Germ cell cancers are uncommon but have significant implications for an individual as the disease can affect a variety of bodily functions. More than 5% of germ cell cancers were classified as nonseminomatous testicular cancer.
This is the most common childhood cancer in boys. Approximately 13-19% of boys of all ages will be diagnosed with a germ cell cancer. Most germ cell cancers present as a mass, usually in one of the pelvic organs such as the testis or ovary. Rarely, it may present as a retrocecal mass, an epididymal mass or abdominal pain as an abdominal germ cell tumor.
Germ cell tumors should not be treated as if they are benign or pre-malignant, as they can occur at any age from 4 months gestational age. Treatment should be based on stage and grade. Treatment must be tailored to minimize the burden of treatment. Long-term (10 years) cure or control seems to be possible in many patients.
The treatment of germ cell cancers involves surgery, chemotherapy and radiotherapy in order to eradicate cancer cells and improve survival. When complete surgery and chemotherapy are not performed, prognosis will depend on the extent of disease and whether further chemotherapy is necessary.
Germ cell tumors can occur spontaneously or be caused by exposure to toxic substances and/or radiation. They may present as both benign (teratoma) and malignant tumors, with the most common form being diffuse spermatocytic seminoma. Testicular cancer can be treated conservatively depending on the patient's age, with the most recent evidence suggesting cryotherapy and watchful waiting with active surveillance before or after chemotherapy is required in young adult patients. Chemotherapies have been used by more than 50% of patients with seminoma, but the extent and duration of use are variable. If chemotherapy is used, there is high cure rate but high rate of secondary treatments.

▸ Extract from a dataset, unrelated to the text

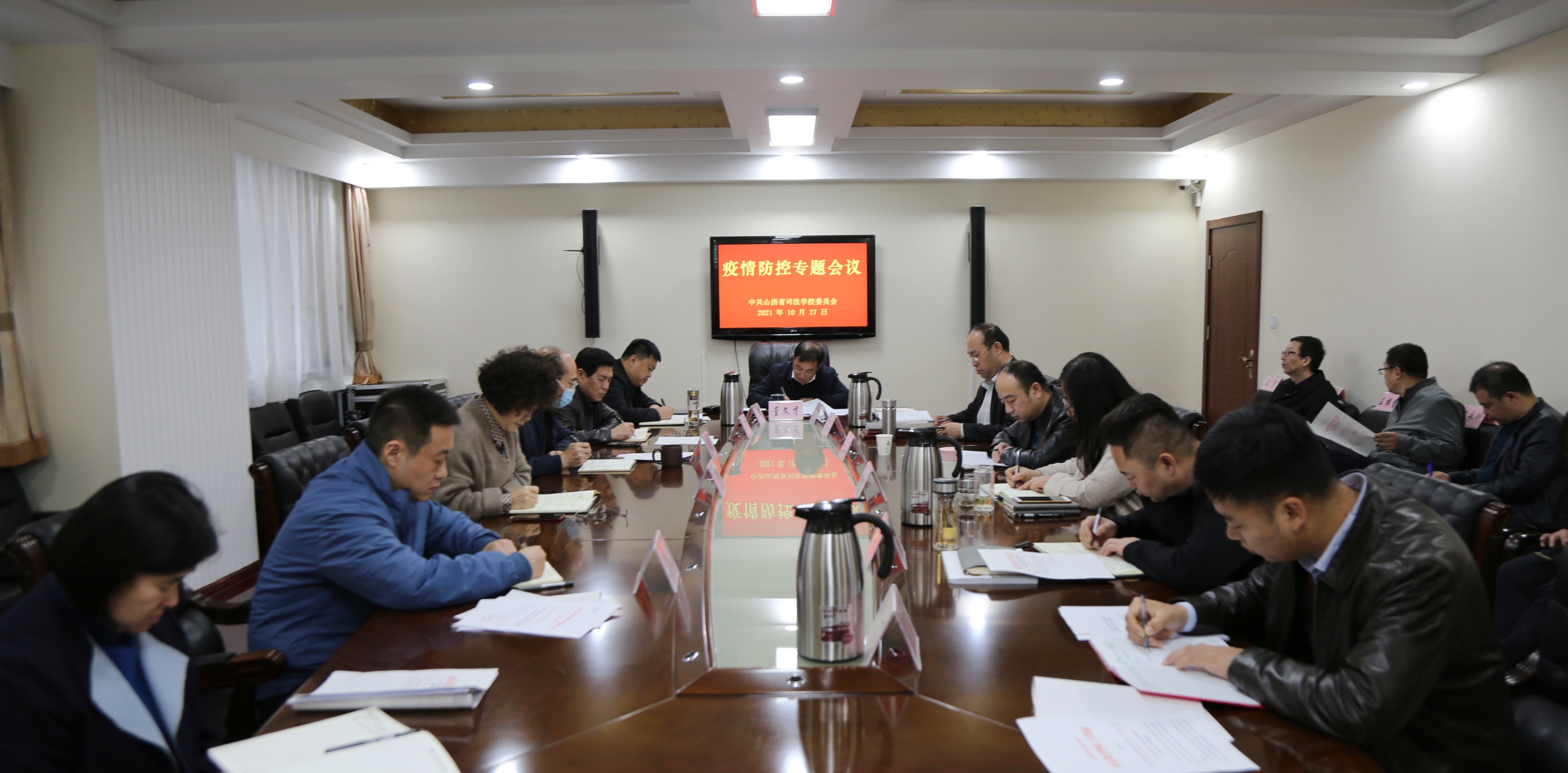 10月27日,山西省司法学校召开疫情防控专题会议。党委书记、校长董文才主持会议,党委委员、纪委书记马莉,党委委员、副校长张斌、杨双荣及全体中层干部参加会议。会议...

About 11,600 cases of germ cell cancer will be diagnosed in the year 2020. (1.4 per 10,000) Germ cell cancers represent about 7% of all malignant neoplasms (both solid and soft tissue) in the United States. (0.5 per 10,000.) This incidence has been steadily increasing since the late 1980s. The annual incidence of germ cell cancer is also higher in men than in women. Of the approximately 300,000 cases of germ cell malignancies (both seminoma, nonseminoma, and testis interstitial cell), approximately 170,000 to 200,000 are malignant teratomas, 25% of which are gonadal teratomas.

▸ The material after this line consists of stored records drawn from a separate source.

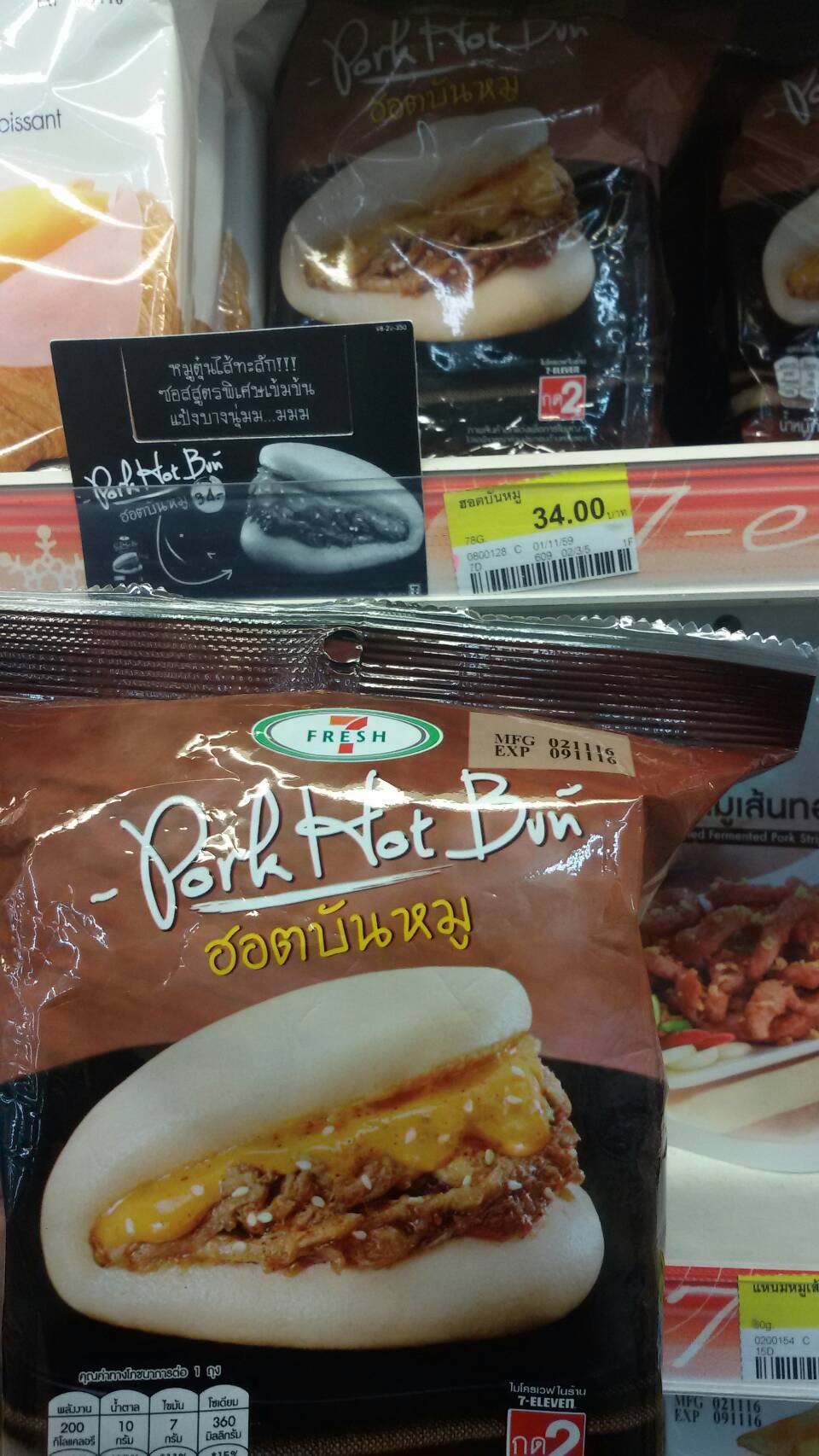 ราคาอยู่ที่ 34 บาท ... จะใส่ซองมาเหมือนซาลาเปาที่ขายอยู่ปกติ แขวนอยู่หมวดเดียวกับเบอเกอร์และแซนวิช ค่ะ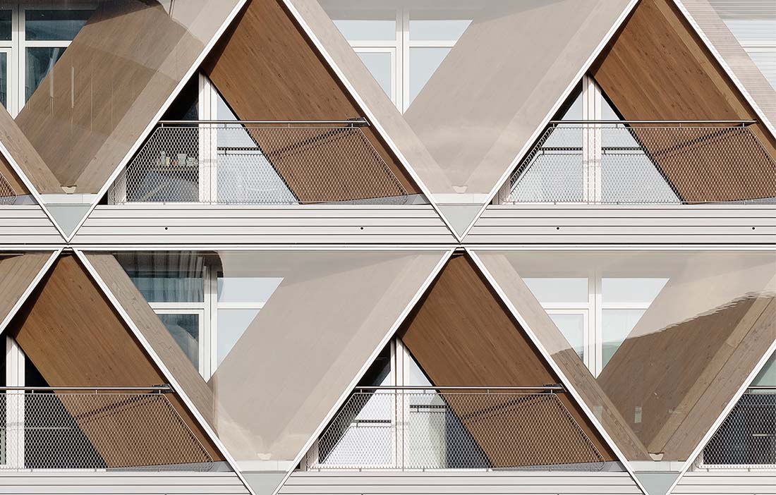 The V-shaped larch columns function as both solar shading and load-bearing structure. The depth of the façade's recesses varies by orientation – to the south and west they form loggias that open the building towards the water. The columns transfer vertical and horizontal loads and interact with the building's concrete core to provide stability. Columns and beams are joined together with connectors in laminated beech veneer.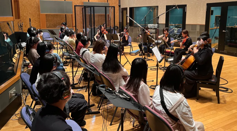 最後は、江戸川橋駅近くのキング関口台スタジオです。 このスタジオでは、ミュージックアーティスト科とのこコラボレーション授業とし、レコーディングエンジニア専攻の校外実習も兼ねて実施されました。 ミュージシャンには、本校講師のプロミュージシャンたちを迎え、今回のためだけにオリジナル曲をアレンジしてレコーディングをさせて頂きました。 その他、バイオリンやチェロなどのストリングス、ミュージックアーティスト科の学生コーラス隊も入った豪華なアレンジとなりました。 ツアー参加者は実際のレコーディングを普段では体験できない形で見学をし、実際にレコーディングがどのように行われているのか興味津々の様子でした。

These data suggest that, in a population with a low risk of developing germ cell cancer, a history of two or more testicular cancer diagnoses increased the risk more than three-fold. In addition, the incidence of all germ cell cancers continues to increase, with an increase in yolk sac tumors perhaps most notable. These statistics may be useful in assessing germ cell cancer risks in a population at which individuals may be counseled to postpone fertility therapy until the risk of germ cell tumor exposure has passed.
Germ cell tumors are considered to be tumors of gonadal and extra-gonadal origin, although the origin of some tumors may be the [liver(liver). This article summarizes the updated research for germ cell cancers in order to increase the knowledge of the disease and its diagnosis, progression, and treatment. Germ cell tumors may develop out of [germ cells, which are immature germ cells/sperm that can develop into oocytes and sperm in females or gametocytes and spermatocytes in males] The most common germ cell tumour is [epithelial germ cell tumor (yolk sac germ cell tumor)]; <2% are testicular tumors and <0.2% are non-gonadal.
The authors report good local control at the irradiated site and no recurrence of tumors. We recommend proton beam radiation as a standard treatment for the treatment of unresectable metastatic seminoma, preferably in combination with additional chemotherapy.
Germ cell cancer may be appropriately treated with low toxicity levels of chemotherapy drugs. The decision to participate in clinical trials is best made with patient education, as these trials can have significant side-effects. Clinicians should be familiar with these most recent trials to make the best decision for each patient.
There is a very small amount of clinical data regarding proton beam-radiation in treating GCTs. While not as common, metastatic disease, or [locally administered] radiotherapy, proton beam therapy is being investigated for its benefit and toxicity. Further study is needed to better define the effectiveness of the newer techniques.